Flickering Buoyant Diffusion Flames in Weakly Rotatory Flows

TL;DR

This study combines computational and theoretical approaches to understand how weak rotational flows influence the flickering frequency of buoyant methane flames, revealing a nonlinear increase in flicker frequency with rotational intensity.

Contribution

It introduces a scaling theory linking flicker frequency to rotational intensity and validates it with computational results, advancing understanding of flame dynamics in rotatory flows.

Findings

Flicker frequency increases nonlinearly with rotational intensity R.

The scaling relation f - f_0 ~ R^2 is validated.

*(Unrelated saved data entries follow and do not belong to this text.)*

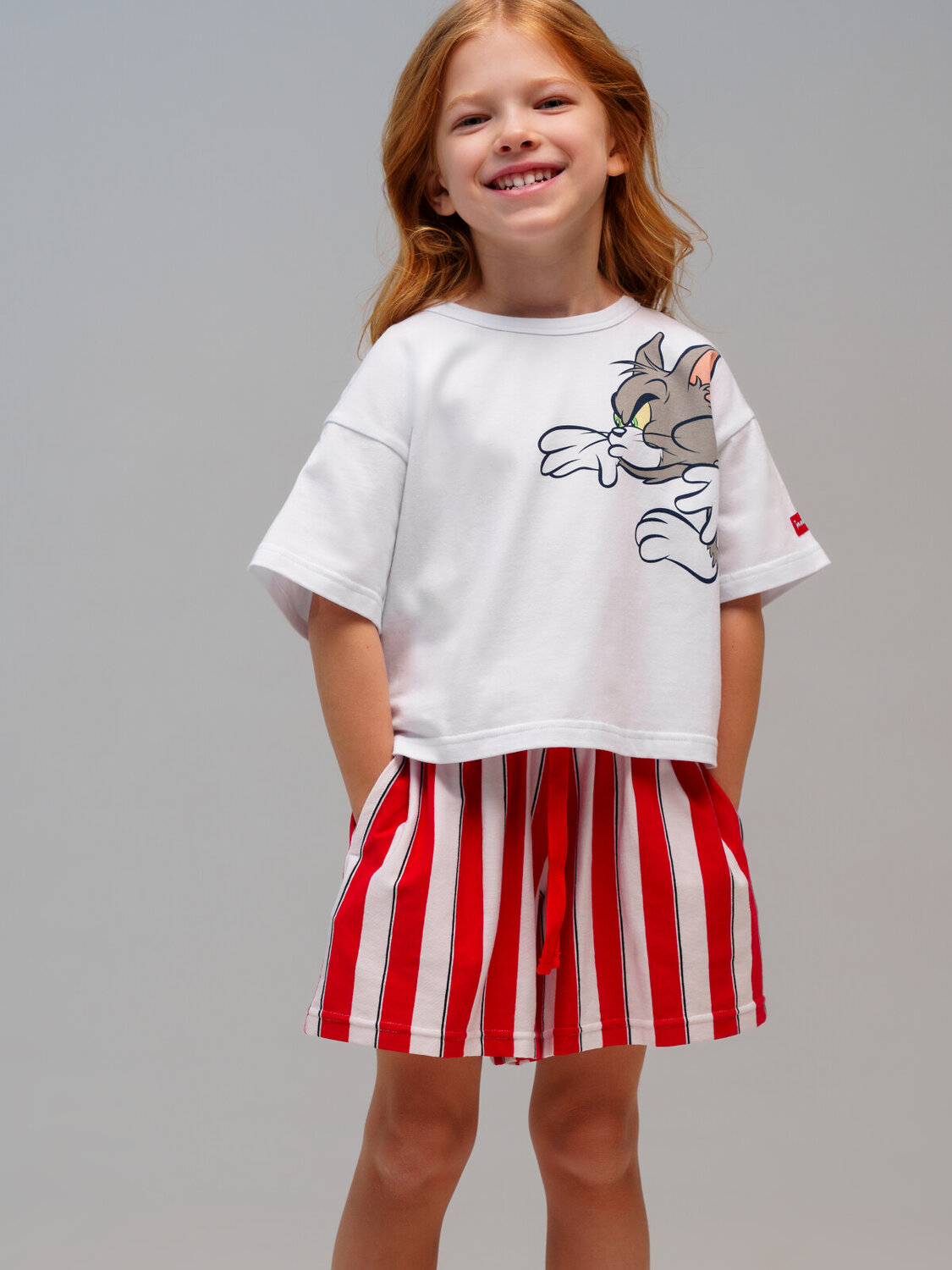 Костюм детский для девочки. Футболка оверсайз, шорты из эластичного и приятного на ощупь трикотажа джерси. Шорты на резинке со шнурком. Высокое содержание хлопка 95%. Благодаря наличию эластана в составе ткани изделие держит форму и меньше мнется. Модель выполнена из качественного и приятного на ощупь трикотажа.
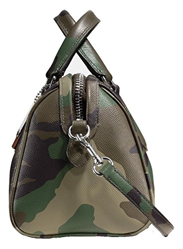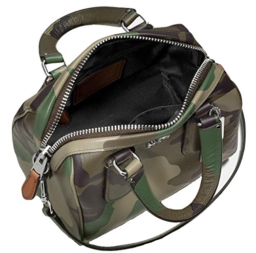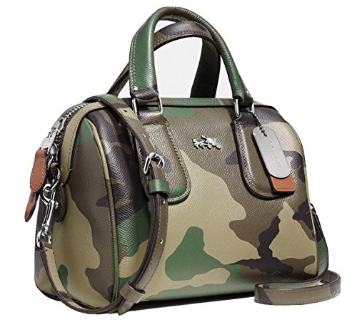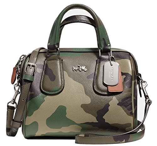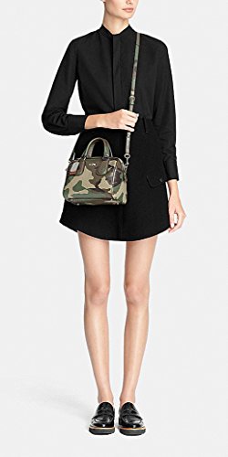 -. Binding : Apparel -. Brand : Coach -. Color : GREEN Multicolored -. Department : womens -. EAN : 0888067507256 -. Feature : Camo-print leather / Inside zip, cell phone and multifunction pockets / Zip-top closure, fabric lining / Handles with 3 1/2" drop, Adjustable strap for shoulder or crossbody wear / 7 3/4" (L) x 6 1/4" (H) x 4 3/4" (W) -. Model : 33591 -. PackageQuantity : 1 -. ProductGroup : Apparel -. ProductTypeName : BAG -. Size : Small -. Title : Coach Mini surrey satchel in camo print crossgrain leather STYLE 33591 SILVER/GREEN MULTI -. UPC : 888067507256 This darling little satchel, a mini version of the Surrey, is crafted in textured leather with a witty camo print inspired by an authentic military motif. Its playful proportions are finished with top handles and a detachable crossbody strap. Highly Sought After Rare Limited Edition In Print Leather - 33591 SILVER/GREEN MULTI CAMO Camouflage Satchel
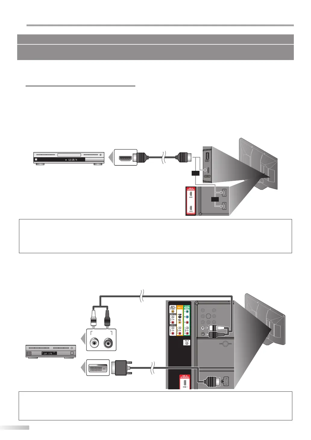 • HDMI-DVI connection requires separate RCA audio connection as well.
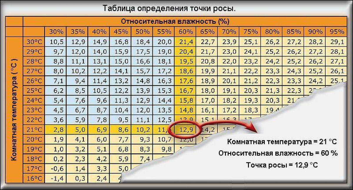Температуру, при которой формируется конденсат, называют «точкой росы». При этом есть прямая связь между относительной влажностью воздуха и температурой окружающей среды. В таблице ниже приведены данные для определения точки росы при разных условиях – температуре воздуха в помещении и относительной влажности. Если температура предмета равна температуре «точки росы» или ниже нее – на предмете неизбежно конденсируется влага.

Rotatory flows enhance vortex shedding and flickering speed.

Abstract

Flickering buoyant diffusion methane flames in weakly rotatory flows were computationally and theoretically investigated. The prominent computational finding is that the flicker frequency nonlinearly increases with the rotational intensity number R (up to 0.24), which measures the relative importance of the rotational speed compared with the methane jet speed. This finding is consistent with the previous experimental observations that flame flicker is enhanced by rotatory flows within a certain extent. Based on the vortex-dynamical understanding of flickering flames that the flame flicker is caused by the periodic shedding of buoyancy-induced toroidal vortices, we formulated a scaling theory for flickering buoyant diffusion flames in weakly rotatory flows. The theory predicts that, with respect to the flicker frequency f_0 at R=0, the increase of the flicker frequency f at nonzero R obeys the scaling relation f-f_0~R^2, which agrees very well with the present computational results. In physics, the externally rotatory flow enhances the radial pressure gradient around the flame, and the significant baroclinic effect contributes an additional source for the growth of toroidal vortices so that their periodic shedding is faster.